店の奥で、鶏肉を常温にどれくらい置いたら危ないのか、AIに聞いたことはないだろうか。食中毒を出したくない、それだけの用事だった。なのに返ってきたのは「その内容にはお答えできません」の一行。こちらは何も危ないことを聞いていない。それなのに、門前払いされた気分になる。この「真っ当な質問なのに断られる」は、体や健康、食べ物の話でよく起きる。
その断りすぎを、Anthropicが調整した。8月7日、同社は Claude の一種である Fable 5 で、生物学まわりの断りを約85%減らしたと発表した。ここでいう断りとは、AIが答えを避けて力の弱い別モデルへ話を回すこと(発表ではfallbackと呼ぶ)を指す。検査結果の読み方、症状の意味、学びなおしの生物。こうした真っ当な用事まで巻き込んで止めていた網を、細かく編み直したという。
で、うちの会社はどうすればいい。つくばには、飲食の人も、整体や薬局の人も、畑を持つ人もいる。体や食べ物に近い仕事ほど、AIに正当なことを聞いて断られる場面は多かった。今回の見直しで、これまで諦めていた質問が、もう一度通るようになると考えられる。大事なのは、断られたとき、あなたの聞き方が疑わしかったとは限らない、ということだ。機械が念のため広めに止めていて、その巻き添えになっただけのことも多い。網が細くなった今なら、同じ質問を出し直す価値はある。
具体で言えばこうだ。デイサービスの職員が、高齢者が夏に気をつける脱水の見分け方を下調べしたい。整体院で、腰の痛みがどこまで続いたら受診をすすめるか、その線引きを言葉にしたい。畑で、ある農薬をまいたあと収穫まで何日あければよいか、考え方を確かめたい。どれも後ろ暗いところのない、日々の仕事の用事だ。それでも、体や薬や生きものの言葉が並ぶだけで、これまでは網に引っかかりやすかった。今回、その引っかかりが減ると同社は言う。
もうひとつ、覚えておくと楽になることがある。AIが断るのは、あなたを罰したいからではない。危ないことに使われるのを避けたい、その一心で広めに網をかけていた結果だ。だから断られても落ち込む必要はない。仕組みの都合として受け止めて、聞き方を少し変えればいい。
試してみるなら
断られたくない質問ほど、目的と立場を先に置くと通りやすい。たとえば、こう入力してみてください。「私は小さな飲食店を営んでいます。食品衛生の観点から、鶏肉を常温で置いてよい時間の目安を、家庭や小規模店向けにやさしく教えてください」。仕事の理由と、危ないことには使わない立場が最初に伝わると、AIは身構えにくくなる。
介護や整体の現場なら、こう頼むのもいい。
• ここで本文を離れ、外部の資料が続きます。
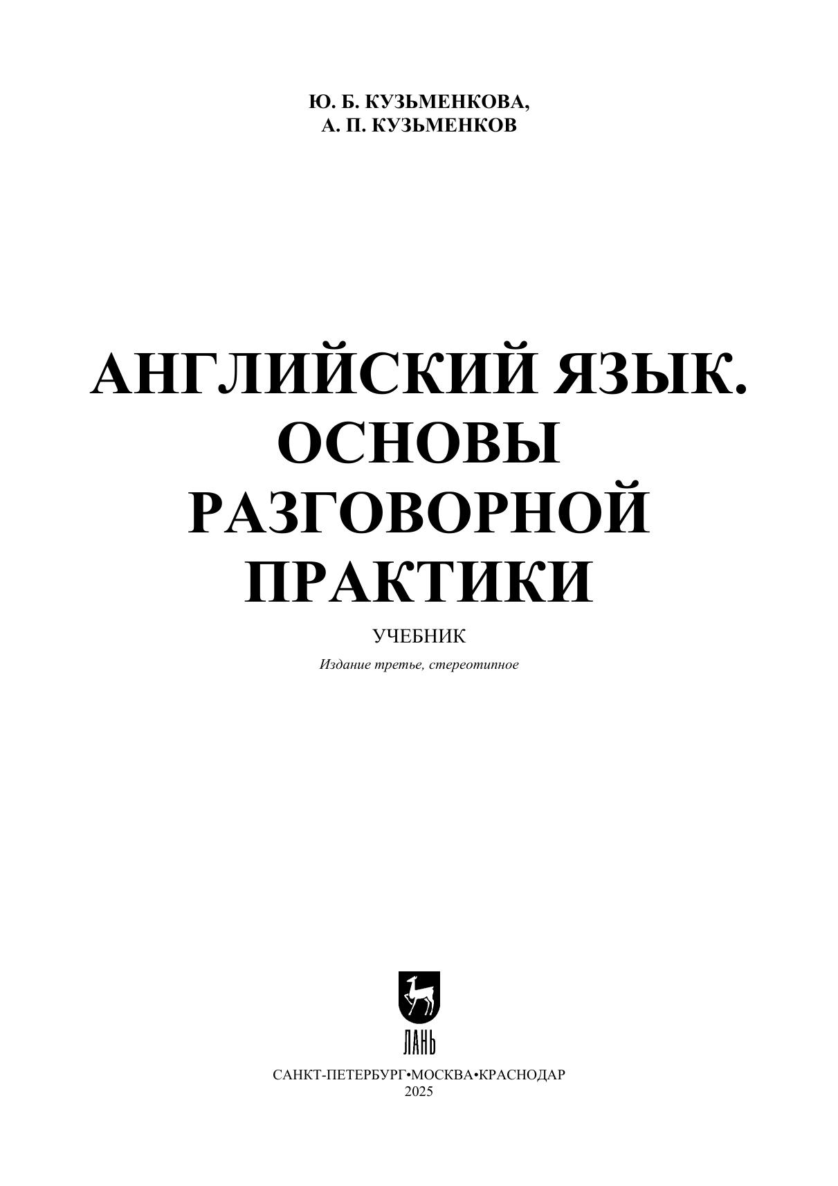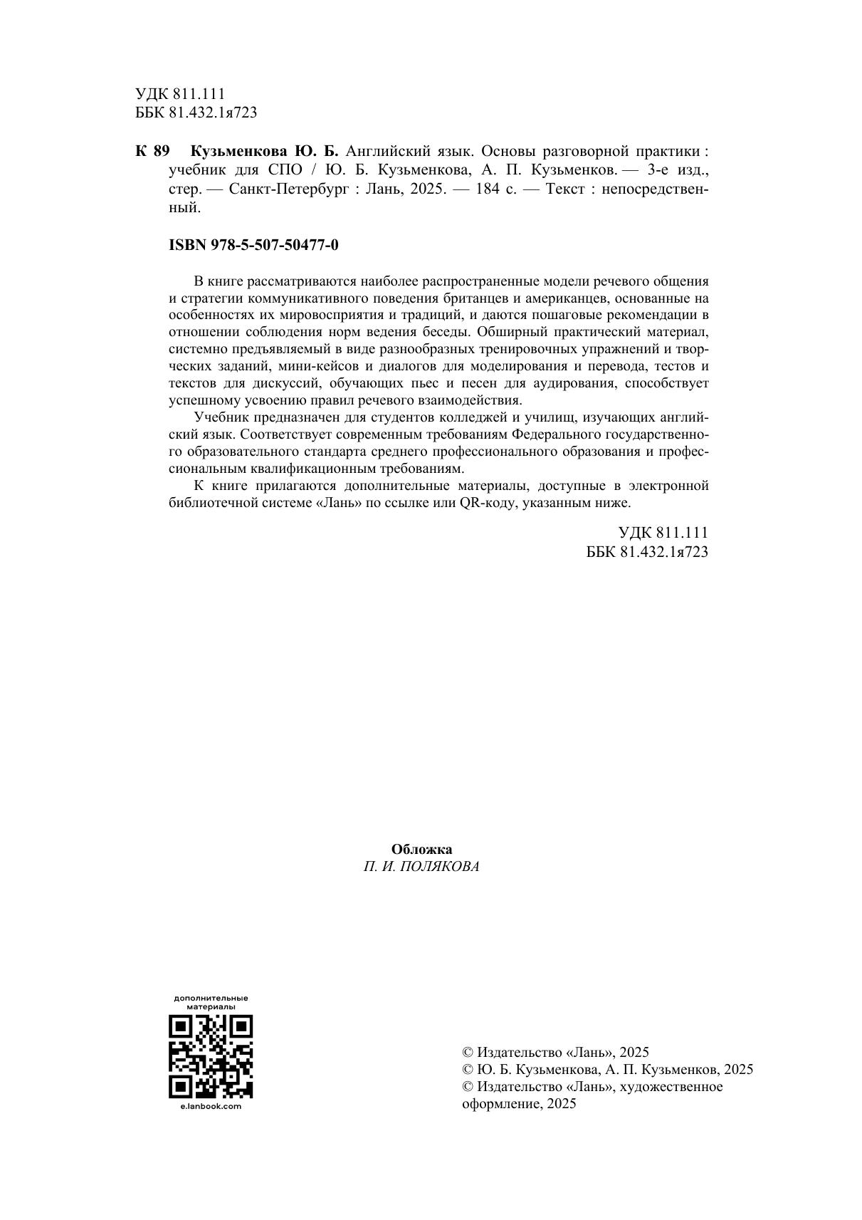 В книге рассматриваются наиболее распространенные модели речевого общения и стратегии коммуникативного поведения британцев и американцев, основанные на особенностях их мировосприятия и традиций, и даются пошаговые рекомендации в отношении соблюдения норм ведения беседы. Обширный практический материал, системно предъявляемый в виде разнообразных тренировочных упражнений и творческих заданий, мини-кейсов и диалогов для моделирования и перевода, тестов и текстов для дискуссий, обучающих пьес и песен для аудирования, способствует успешному усвоению правил речевого взаимодействия. Соответствует современным требованиям Федерального государственного образовательного стандарта среднего профессионального образования и профессиональным квалификационным требованиям. Учебник предназначен для студентов колледжей и училищ, изучающих английский язык. К книге прилагаются дополнительные материалы, доступные в электронной библиотечной системе «Лань» по ссылке или QR-коду, указанным ниже.

「デイサービスで働いています。利用者への一般的な注意として、高齢者が夏に気をつける脱水の見分け方を、専門用語をかみくだいて教えてください」。誰のための、どんな場面の話かを最初に置くほど、AIは安心して答えに踏み込む。
それでも止まったら、「一般向けの安全な範囲で構いません」と一言足して出し直す。健康の相談なら、文の頭に「これは受診の代わりではなく、下調べです」と添えると話が進みやすい。聞きたいことは変えず、まわりに一行の事情を足す。これだけで通り方が変わる。
つまずきの先回り
- これは Claude の話。ChatGPT や Gemini は断る基準がそれぞれ別で、同じ質問でも反応が違う。ひとつで止まっても、別のAIなら通ることがある。逆もある。
- 危ない使い道に近い領域(ウイルスや毒物の設計など)は、今も止まる。そこは今回減らした対象の外だと同社も書いている。ふつうの商売の質問がここに当たることは、まずない。
- 効き方は使う場所で差がある。ふだんのブラウザのClaude(claude.ai)では断りが大きく減り、開発向けの画面では減り幅が小さいという。事務仕事で使うなら、恩恵は大きいほうだ。
- 断られても、あなたが悪いわけではない。まちがって止めること(過検知)は起きる。言い方を変えるか、日を置いてもう一度で足りることが多い。一度で諦めない。
明日、過去に一度断られて、そのまま諦めた真っ当な質問を、ひとつだけ思い出してほしい。頭に目的の一行を足して、もう一度だけ出してみる。今日はそれで十分だ。